Exercise => Could you retype exactly the lines below between the one holding "11月28日,中国人民银行、" and the one holding "OLYMP, Kurzarmhemd, Comfort, Baumwolle, Kent, Brusttasche, natur", inclusive, leaving out any pictures?

Information supplied =>

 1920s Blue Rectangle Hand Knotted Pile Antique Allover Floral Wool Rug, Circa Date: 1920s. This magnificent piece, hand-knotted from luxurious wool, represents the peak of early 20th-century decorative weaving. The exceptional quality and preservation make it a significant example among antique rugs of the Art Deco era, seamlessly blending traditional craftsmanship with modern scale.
==
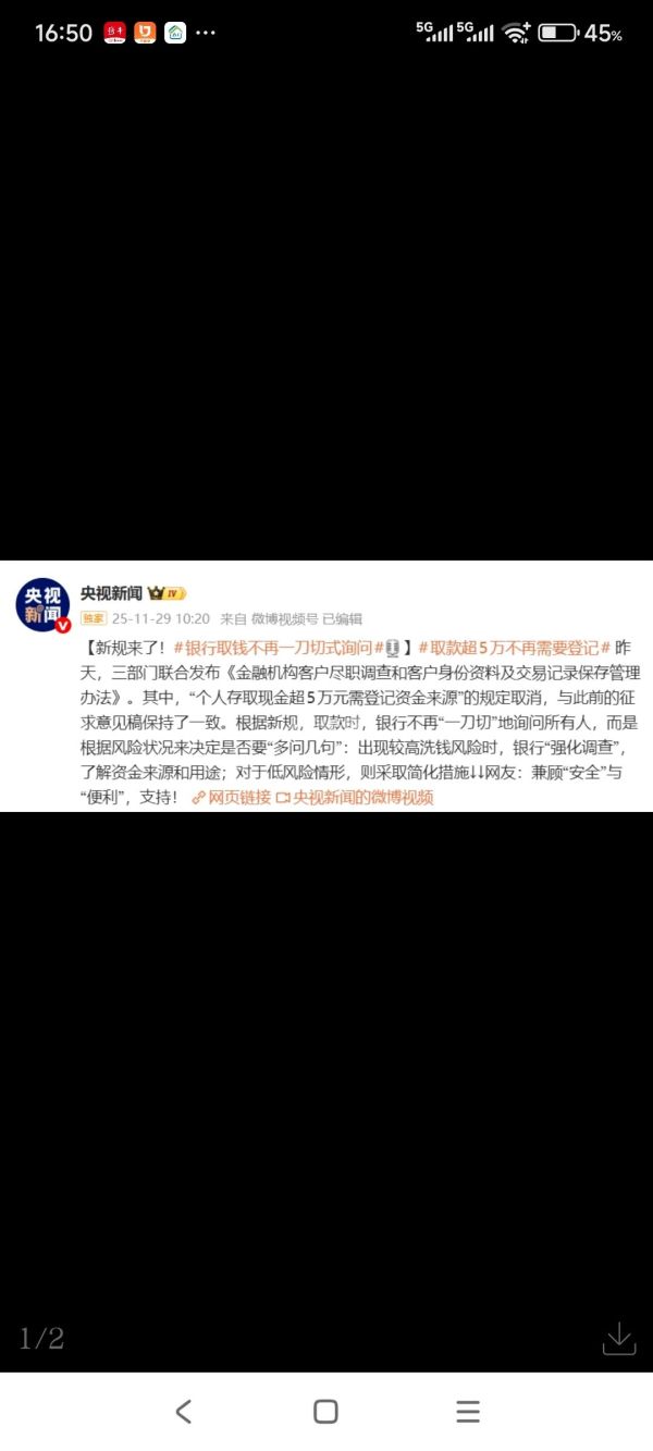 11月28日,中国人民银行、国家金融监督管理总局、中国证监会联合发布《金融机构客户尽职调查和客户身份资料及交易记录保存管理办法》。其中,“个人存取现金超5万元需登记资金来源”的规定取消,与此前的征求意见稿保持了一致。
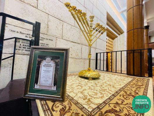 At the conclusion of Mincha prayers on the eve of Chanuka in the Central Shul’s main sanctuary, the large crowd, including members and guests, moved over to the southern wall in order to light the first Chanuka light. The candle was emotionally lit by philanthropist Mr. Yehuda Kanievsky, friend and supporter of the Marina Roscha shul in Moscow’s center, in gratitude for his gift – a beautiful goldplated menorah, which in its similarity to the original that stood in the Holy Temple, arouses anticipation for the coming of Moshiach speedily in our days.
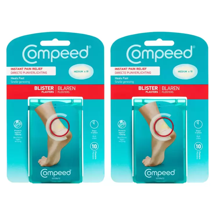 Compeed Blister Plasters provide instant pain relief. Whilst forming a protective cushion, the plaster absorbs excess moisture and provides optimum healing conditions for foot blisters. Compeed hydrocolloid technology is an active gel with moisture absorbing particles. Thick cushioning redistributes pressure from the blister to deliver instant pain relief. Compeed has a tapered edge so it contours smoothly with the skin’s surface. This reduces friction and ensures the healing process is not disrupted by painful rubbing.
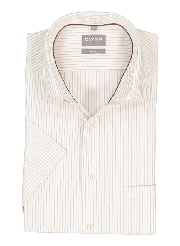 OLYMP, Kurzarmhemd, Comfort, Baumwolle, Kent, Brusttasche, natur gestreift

Problem solution =>
 11月28日,中国人民银行、国家金融监督管理总局、中国证监会联合发布《金融机构客户尽职调查和客户身份资料及交易记录保存管理办法》。其中,“个人存取现金超5万元需登记资金来源”的规定取消,与此前的征求意见稿保持了一致。
 At the conclusion of Mincha prayers on the eve of Chanuka in the Central Shul’s main sanctuary, the large crowd, including members and guests, moved over to the southern wall in order to light the first Chanuka light. The candle was emotionally lit by philanthropist Mr. Yehuda Kanievsky, friend and supporter of the Marina Roscha shul in Moscow’s center, in gratitude for his gift – a beautiful goldplated menorah, which in its similarity to the original that stood in the Holy Temple, arouses anticipation for the coming of Moshiach speedily in our days.
 Compeed Blister Plasters provide instant pain relief. Whilst forming a protective cushion, the plaster absorbs excess moisture and provides optimum healing conditions for foot blisters. Compeed hydrocolloid technology is an active gel with moisture absorbing particles. Thick cushioning redistributes pressure from the blister to deliver instant pain relief. Compeed has a tapered edge so it contours smoothly with the skin’s surface. This reduces friction and ensures the healing process is not disrupted by painful rubbing.
 OLYMP, Kurzarmhemd, Comfort, Baumwolle, Kent, Brusttasche, natur gestreift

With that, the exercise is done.